*TO DO*
Set down every line of the data exactly, skipping the pictures.

*DATA EXTRACT*
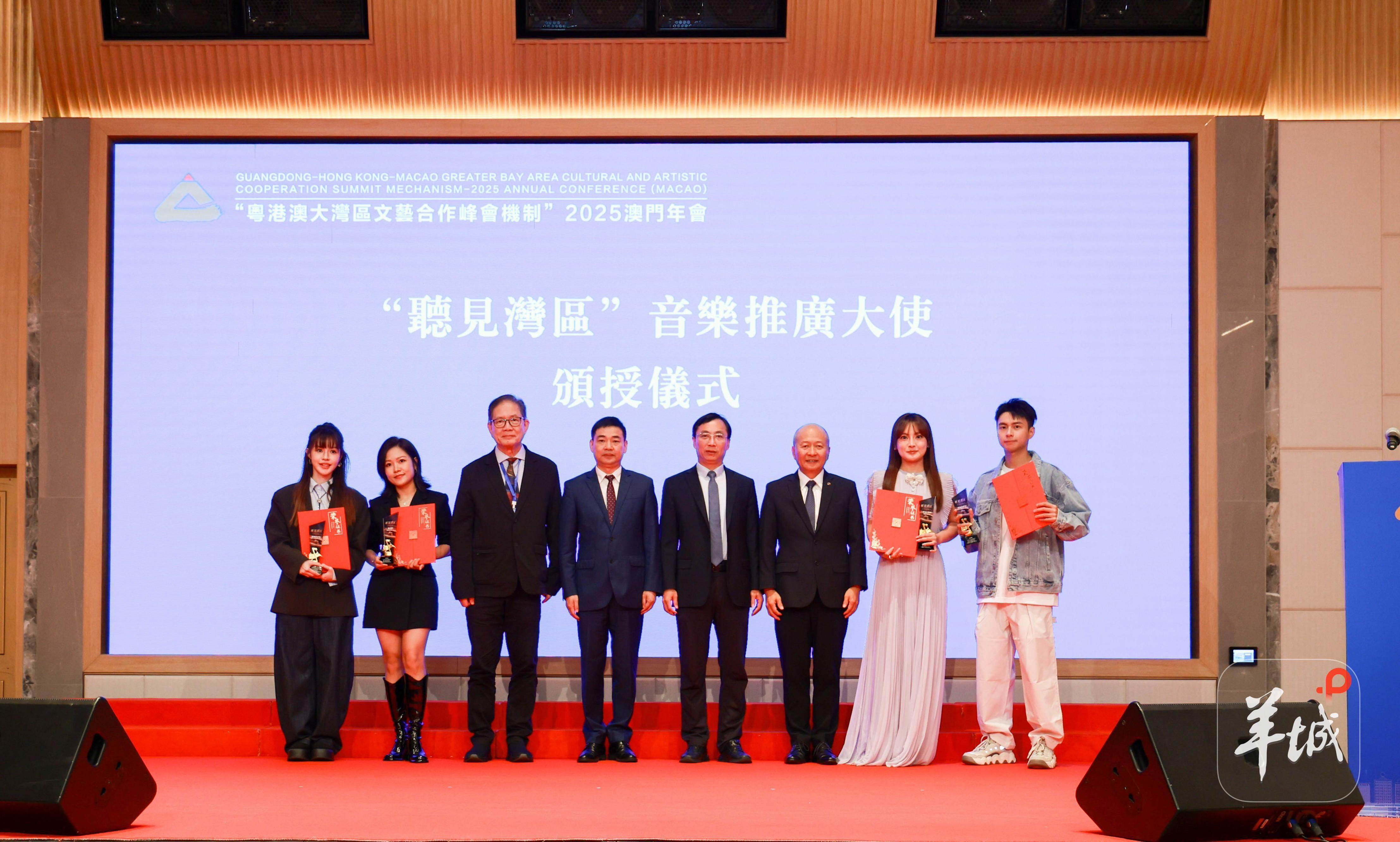 在中国文学艺术界联合会的指导下,腾讯音乐娱乐集团、酷狗音乐,联合广东省文学艺术界联合会、澳门文化界联合总会、中国文联香港会员总会,共同发布“听见湾区”系列企划之“2025十大粤语金曲”,为多位杰出音乐人代表颁发 “听见湾区”音乐推广大使证书。
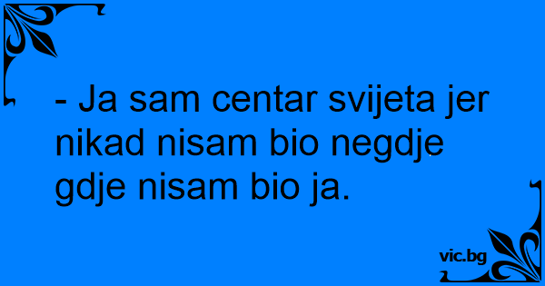 - Ja sam centar svijeta jer nikad nisam bio negdje gdje nisam bio ja.
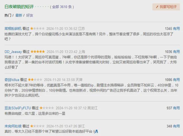 《白夜追凶》续集《白夜破晓》原本以为会像《唐诡2》那样有惊喜,结果七大案子都狗尾续貂,并在大结局中强行把男主关宏峰写死,沦为像周一围版《大唐狄公案》那样的大IP雷剧,是可忍孰不可忍?理应唾弃!

*OUTPUT*
 在中国文学艺术界联合会的指导下,腾讯音乐娱乐集团、酷狗音乐,联合广东省文学艺术界联合会、澳门文化界联合总会、中国文联香港会员总会,共同发布“听见湾区”系列企划之“2025十大粤语金曲”,为多位杰出音乐人代表颁发 “听见湾区”音乐推广大使证书。
 - Ja sam centar svijeta jer nikad nisam bio negdje gdje nisam bio ja.
 《白夜追凶》续集《白夜破晓》原本以为会像《唐诡2》那样有惊喜,结果七大案子都狗尾续貂,并在大结局中强行把男主关宏峰写死,沦为像周一围版《大唐狄公案》那样的大IP雷剧,是可忍孰不可忍?理应唾弃!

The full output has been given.